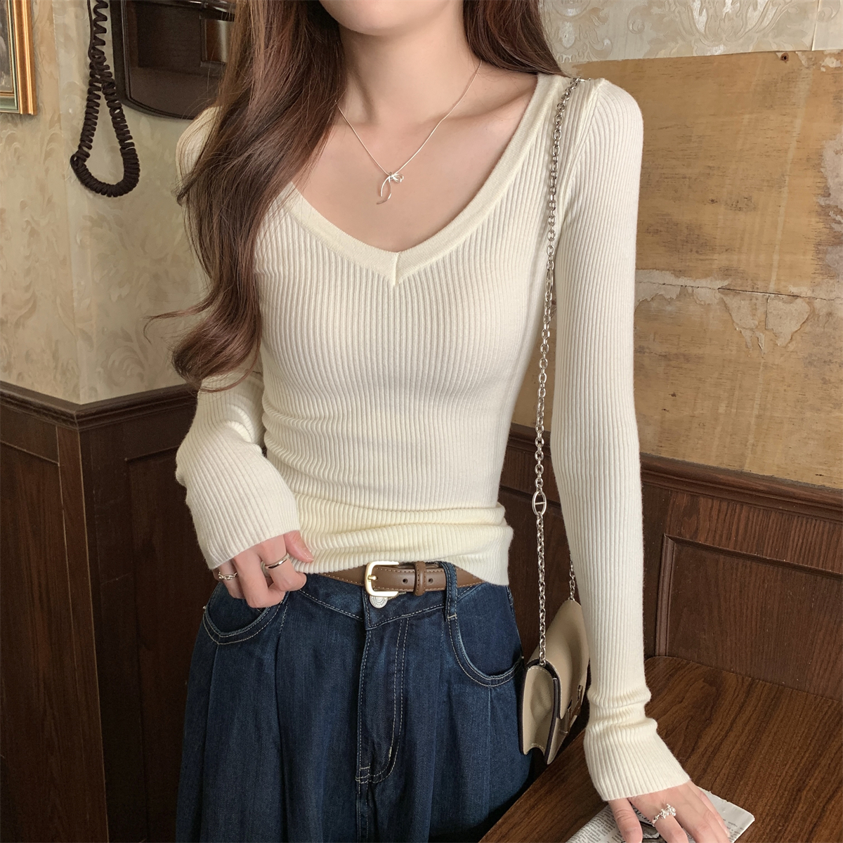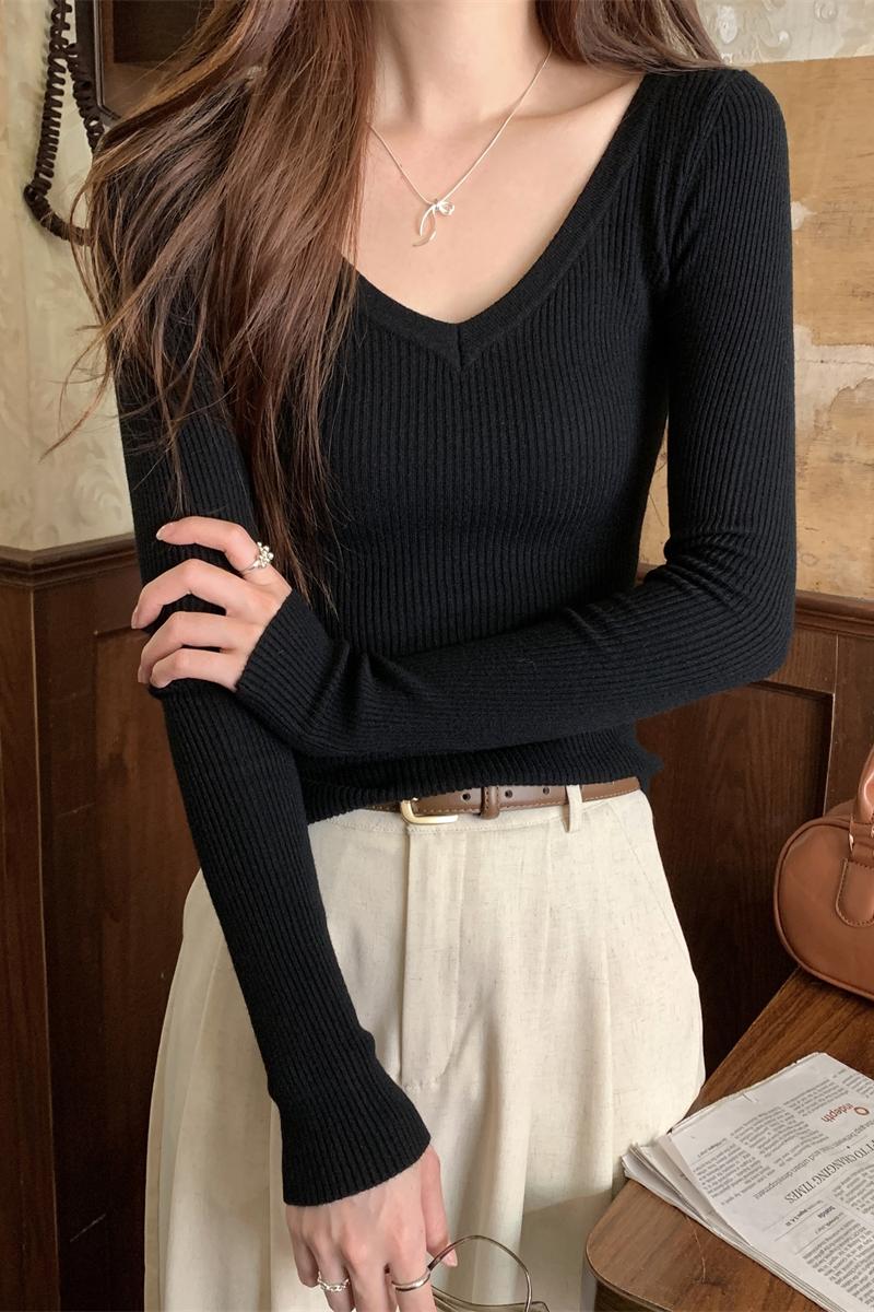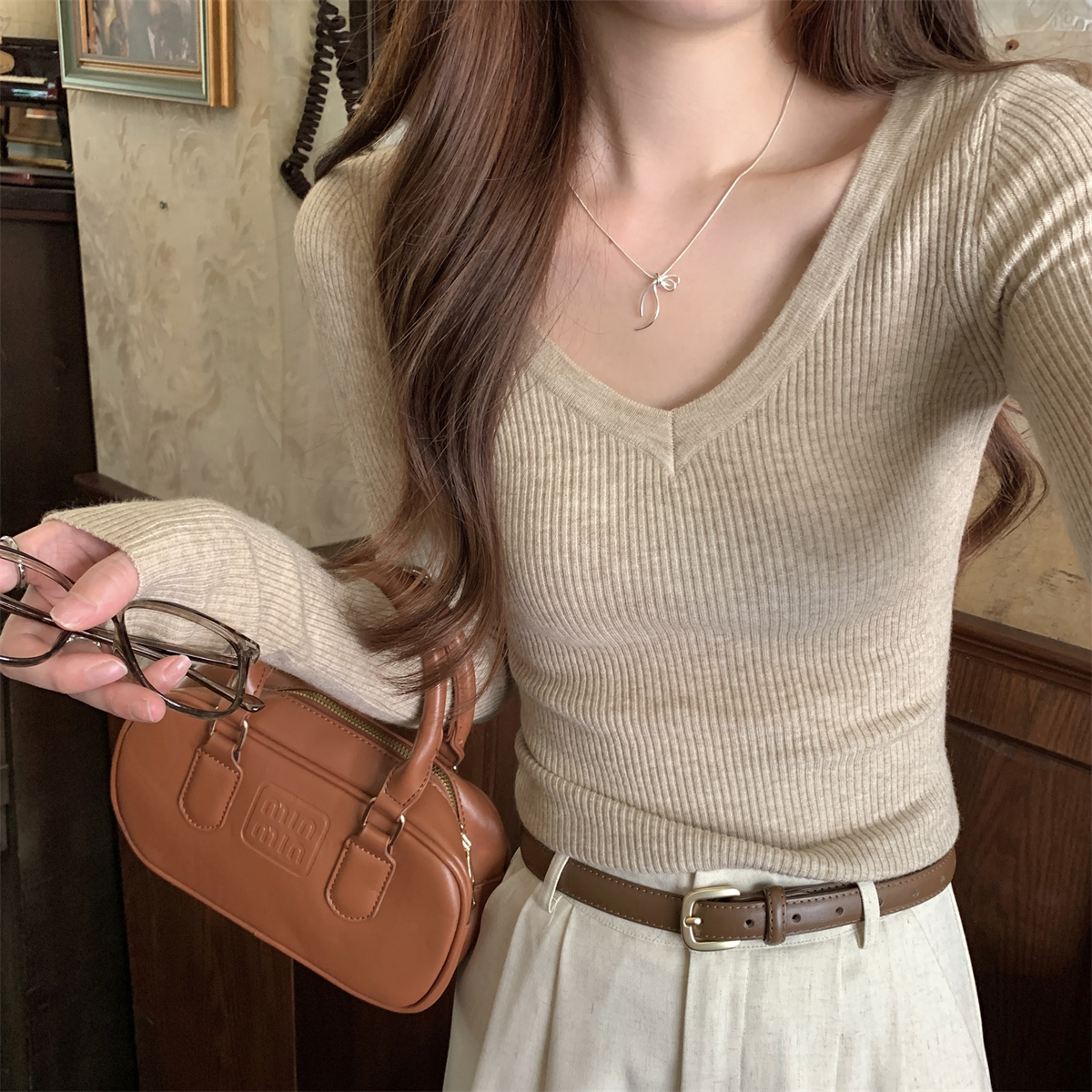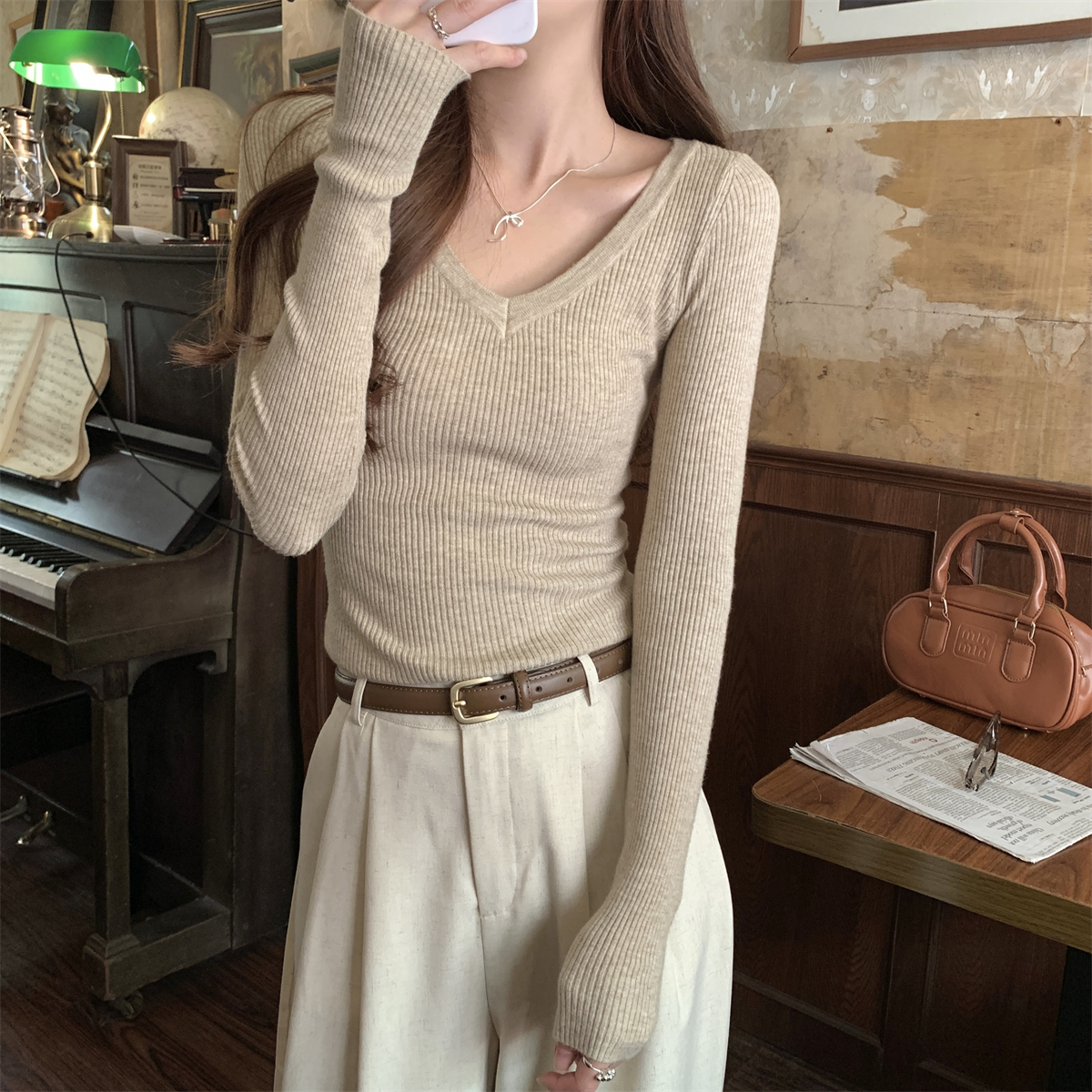 가을 겨울 V- 넥 느슨한 15 색 기본 앤디 벨벳 긴팔 니트베이스 셔츠 탑
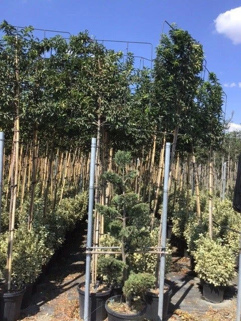 Portugese laurier als leiboom (Prunus lusitanica), dit is een groenblijvende leiboom. De Portugese laurier heeft een mooie lichtgroene bladkleur en heeft kleiner blad dan de normale laurier. De Portugese laurier groeit ook langzamer dan de gewone laurier, zodat u minder hoeft te snoeien.
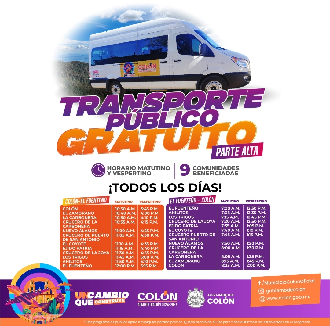 ● Transporte Público Gratuito para más de 4 mil colonenses de 9 comunidades.
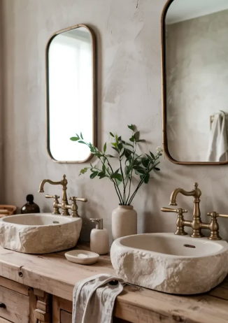 Natural materials and finishes are essential in Wabi Sabi Bathrooms, and the combination of aged brass fixtures with stone sinks works beautifully together. Brass develops a natural patina over time, which adds depth and character instead of looking worn out. This aging process fits perfectly with the idea of appreciating materials as they change.
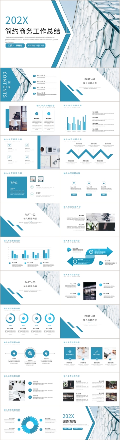 蓝色清晰简约风商务企业工作总结会议报告PPT模板
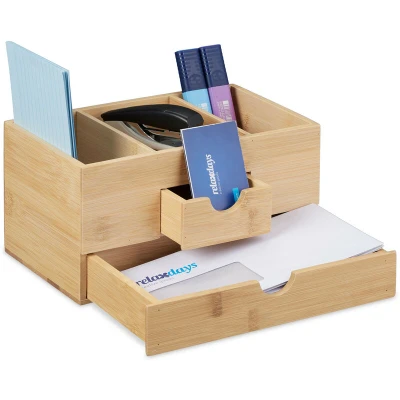 Relaxdays Desk, 2 Drawers, 3 Compartments, Made of Bamboo, HxWxD: 12 x 24 14.5 cm, Office Organiser, Natural
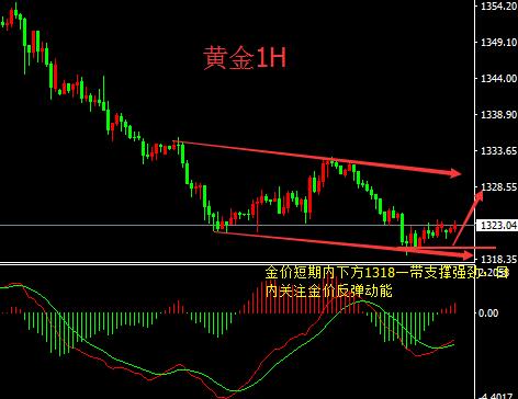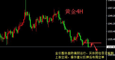 昨日市场焦点欧洲央行利率决议及德拉基新闻发布会,最终欧元先扬后抑,短线跳水逾100点,同时,美国最新经济数据表现强劲,提振美元指数再次走高。在美元指数的强势影响下,现货黄金在巨量抛单的打压下加速下滑,短线急跌逾10美元,整体趋势偏弱运行。 黄金价格昨日上行至1326附近受阻后,受市场利空因素影响,持续走出回落
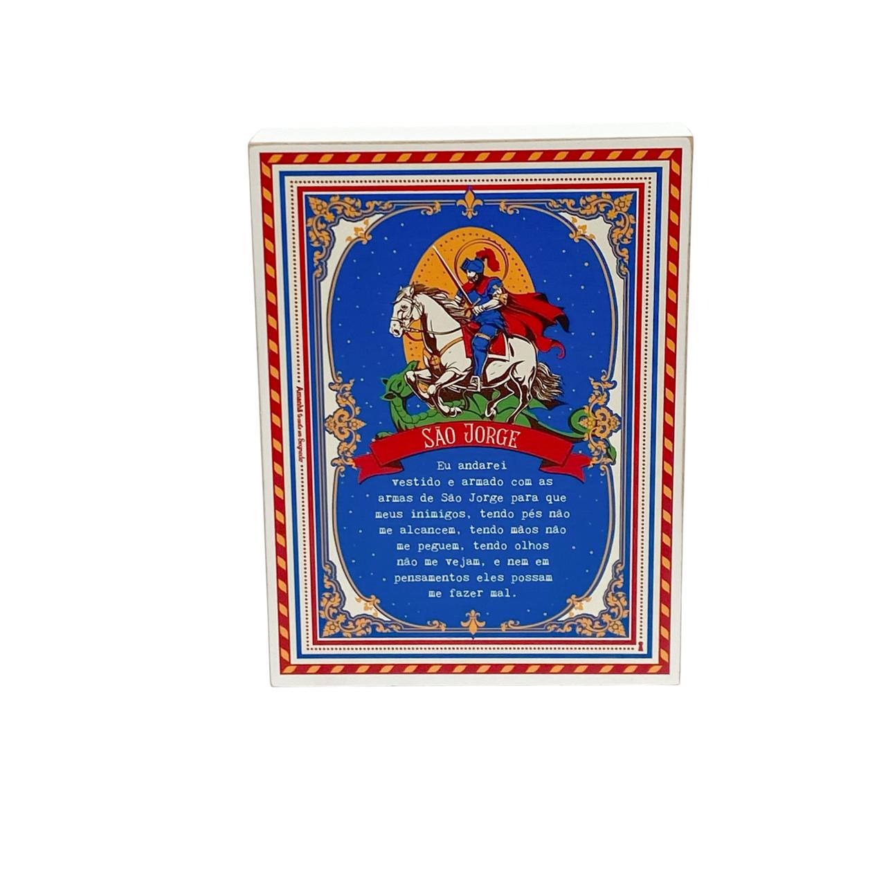 O Quadro Box Sao Jorge é uma peça decorativa que transmite fe protecao e coragem. Com forte significado simbolico ele valoriza a espiritualidade e traz uma presenca marcante e acolhedora para o ambiente.
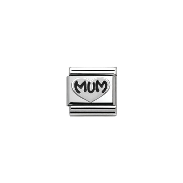 Oryginalny moduł do bransoletki komponowanej Nomination Composable Classic ze stali szlachetnej z serduszkiem i emaliowanym napisem “Mum” (“Mama”) ze srebra pr. 925.
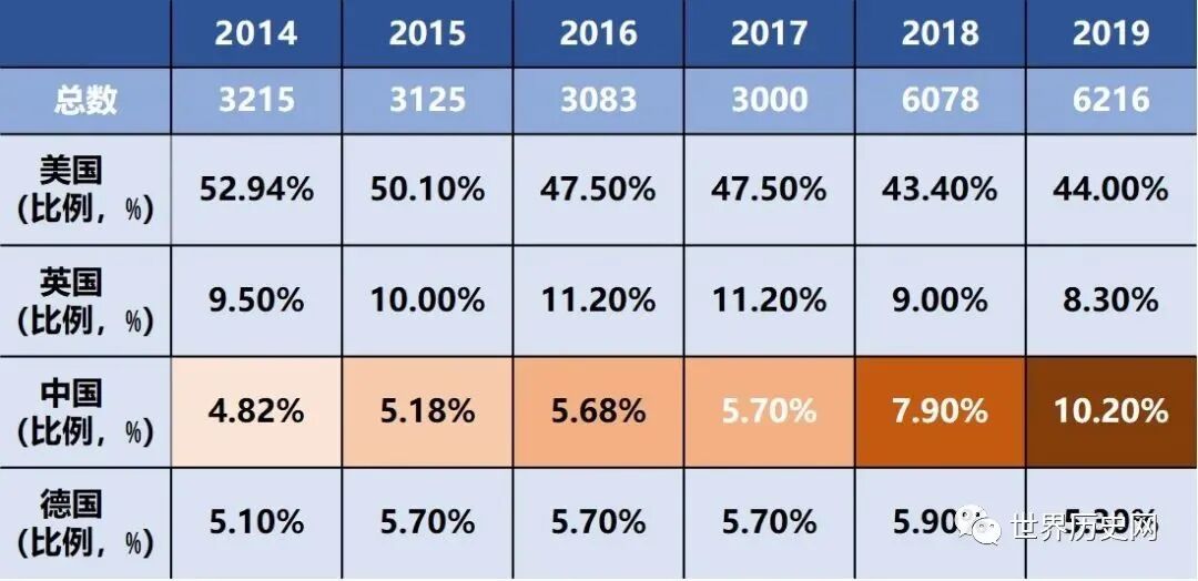 科睿唯安过去6年全球高被引学者数量显示,除了美国高被引科学家一直处于国际遥遥领先地位外(持续保持40%以上的比例)。中国“高被引”科学家的比例正逐年快速增长,已从2014年的近5%上升到2019年的10%,在2019年超过曾经的“老二”英国。

■ WHAT THE TASK REQUIRES
Without the pictures, give again exactly the lines above starting at the line containing "Relaxdays Desk, 2" and ending at the line containing "昨日市场焦点欧洲央行利率决议".

■ WRITTEN SOLUTION
 Relaxdays Desk, 2 Drawers, 3 Compartments, Made of Bamboo, HxWxD: 12 x 24 14.5 cm, Office Organiser, Natural
 昨日市场焦点欧洲央行利率决议及德拉基新闻发布会,最终欧元先扬后抑,短线跳水逾100点,同时,美国最新经济数据表现强劲,提振美元指数再次走高。在美元指数的强势影响下,现货黄金在巨量抛单的打压下加速下滑,短线急跌逾10美元,整体趋势偏弱运行。 黄金价格昨日上行至1326附近受阻后,受市场利空因素影响,持续走出回落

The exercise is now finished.